From systemd 245 release notes (https://lwn.net/Articles/814068/):

----
  * A new component "userdb" has been added, along with a small daemon
          "systemd-userdb.service" and a client tool "userdbctl". The framework
          allows defining rich user and group records in a JSON format,
          extending on the classic "struct passwd" and "struct group"
          structures. Various components in systemd have been updated to
          process records in this format, including systemd-logind and
          pam-systemd. The user records are intended to be extensible, and
          allow setting various resource management, security and runtime
          parameters that shall be applied to processes and sessions of the
          user as they log in. This facility is intended to allow associating
          such metadata directly with user/group records so that they can be
          produced, extended and consumed in unified form. We hope that
          eventually frameworks such as sssd will generate records this way, so
          that for the first time resource management and various other
          per-user settings can be configured in LDAP directories and then
          provided to systemd (specifically to systemd-logind and pam-system)
          to apply on login.

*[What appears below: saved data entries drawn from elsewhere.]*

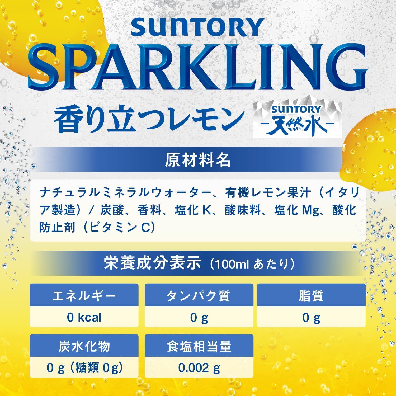 清冽なサントリー天然水と朝摘み有機レモンを使用。搾りたてのようなレモンのおいしさの、キリっと爽快な炭酸水サントリー天然水スパークリングレモンです。分別が便利なラベルレスボトルです。●清冽なサントリー天然水と、こだわりの果実シチリア産朝摘み有機レモンを使用●サントリーブランドで最も低温条件の「低温殺菌」によって、みずみずしいレモンの香りを高めることで、 「搾りたてレモンのようなおいしさ」をより感じられる中味を実現●飲用時のガス圧も高めに設定し、さらに流量の多い容器を組み合わせることで、キリッと爽快な強刺激を実現 (飲用時ガス圧約3.6kg/c㎡) ※ガス圧は流通条件により変わる可能性があります
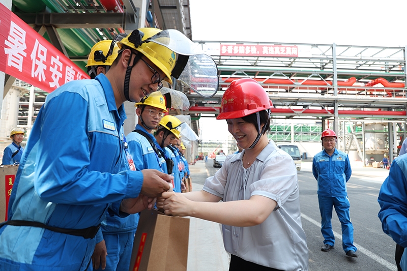7月10日,山東省石油化學(xué)工會(huì)副主席張文青一行來(lái)公司開(kāi)展“工會(huì)送清涼 防暑保安康”活動(dòng),公司黨委副書(shū)記王富興,財(cái)務(wù)總監(jiān)、總法律顧問(wèn)、首席合規(guī)官毛江強(qiáng),高級(jí)副總經(jīng)理、工會(huì)主席張雷參加活動(dòng)。
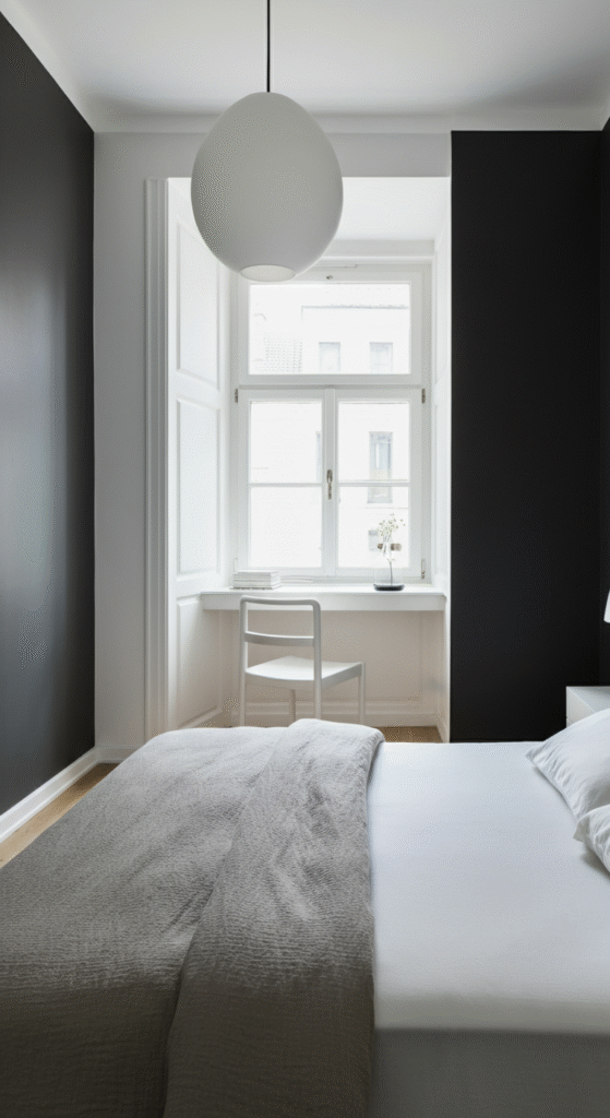 Interesting Fact: Black and white are often used in design for their ability to evoke clarity and elegance. The simplicity of the two colors makes them a timeless choice that works in nearly any bedroom.
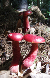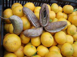 「アカメの国」は秋真っ盛り。 写真左のキノコは10月中旬に栗拾いに山に入った時撮影したものです。山道のそばに可愛いキノコがたくさん生えていました。当地では野生のキノコはあまり利用していません。私は何でも食べてやろうという「いやしんぼ」ですがキノコに関しては保守的です。 写真右は10月29日に撮影しました。アケビ(当地でいうミズワケビ)と私がつくっている早稲ミカンで品種は興津。アケビは濃厚な甘みがたっぷりでした。完熟すると写真のようにパカッと口を開け(こういう状態を当地では笑うと表現します)て中身が露出します。こうなると収穫は小鳥と競争になります。小鳥はアケビが大好きで種ごと食べます。アケビにとっては糞と共に新天地に種まきをしてくれるのでありがたいことでしょう。これがアケビの生存戦略かもしれません。アケビの皮も種もうんと苦いのですのでこれは戦術の一つでしょうね。
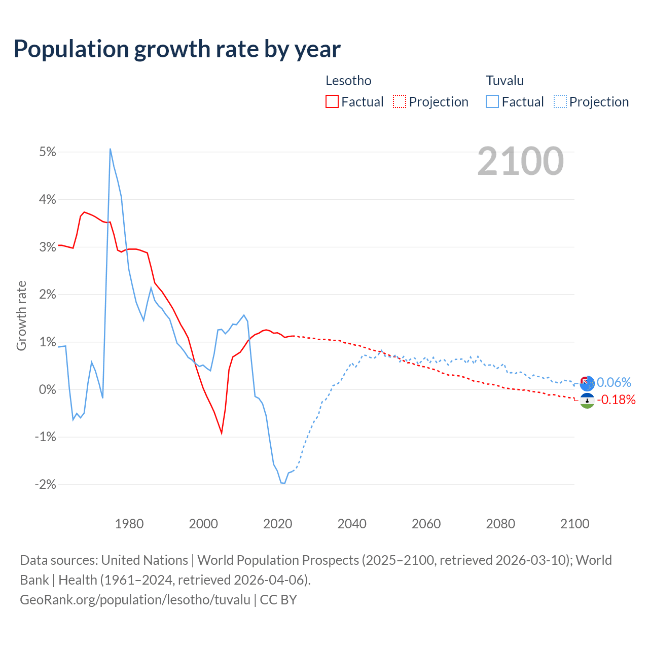 - For the last 10 years, Lesotho has had an average growth rate of +1.17% per year vs -1.19% in Tuvalu.

For further details see:

          https://systemd.io/USER_RECORD
          https://systemd.io/GROUP_RECORD
          https://systemd.io/USER_GROUP_API
----

and yet we don't have userdbctl tool or the daemon

https://www.freedesktop.org/software/systemd/man/userdbctl.html

looks like an ongoing effort of unifying user/group information coming from
pam-systemd to logind management scheme within systemd.

I believe making all information coming from pam-systemd to logind available
through this varlink interface is what is causing the issue and where the problem
relies.

----

Nevertheless...

Error is coming from the userdb codeset, from the assertion:

        assert_se(set_remove(iterator->links, link) == link);

when userdb code is being called by the varlink protocol.

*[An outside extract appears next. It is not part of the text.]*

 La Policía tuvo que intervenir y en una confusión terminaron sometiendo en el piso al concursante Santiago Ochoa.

Many subsystems within systemd now have an embedded varlink server to provide
IPC through simple json protocol. The journal daemon creates a varlink server on its
own through systemd-journald -> server_init -> server_open_varlink() ->
varlink_server_listen_fd() being one example.

The execution path for this error is either coming from:

(1)

process_connection() -> varlink_process() -> varlink_dispatch_reply() -> reply_callback()

and the reply_callback is a pointer to userdb_on_query_reply(), since this callback is set with varlink_bind_reply().

if (IN_SET(v->state, VARLINK_AWAITING_REPLY, VARLINK_AWAITING_REPLY_MORE)) {
    varlink_set_state(v, VARLINK_PROCESSING_REPLY);

if (v->reply_callback)
    r = v->reply_callback(v, parameters, error, flags, v->userdata)

OR

(2) from an error coming from:

varlink_dispatch_disconnect()
varlink_dispatch_method()
varlink_dispatch_reply()
varlink_dispatch_timeout()

all of them calling varlink_dispatch_local_error().

These errors come from varlink_process() main logic, processing the varlink protocol.

- A timeout in connection would trigger varlink_dispatch_local_error().
- An error in varlink protocol in dispatch a reply w/ "invalid" json object, triggering varlink_dispatch_local_error().
- An error in varlink protocol when being asked to dispatch a method:
  - org.varlink.service.GetInfo
  - org.varlink.service.GetInterface
  - org.varlink.service.*
  are not implemented, for example, and would cause a call to varlink_dispatch_local_error()
- a disconnect would also cause a call to varlink_dispatch_local_error().

varlink_dispatch_local_error():

r = v->reply_callback(v, NULL, error, VARLINK_REPLY_ERROR|VARLINK_REPLY_LOCAL, v->userdata);

-----------------

Commits related to varlink that are not merged:

$ git log --no-merges v246..HEAD --oneline --grep varlink
8d91b2206c varlink: properly allocate connection event source
77472d06a4 varlink: do not parse invalid messages twice
0c73f4f075 nss-resolve: port over to new varlink interface
9581bb8424 resolved: add minimal varlink api for resolving hostnames/addresses
65a01e8242 resolved: move query bus tracking to resolved-bus.c
c9de4e0f5b resolved: rename request → bus_request
7466e94f13 varlink: add helper for generating errno errors

and it looks like they're adding features to nss-resolv so it can resolv hostnames
using systemd-resolved... but not fixing anything related to it.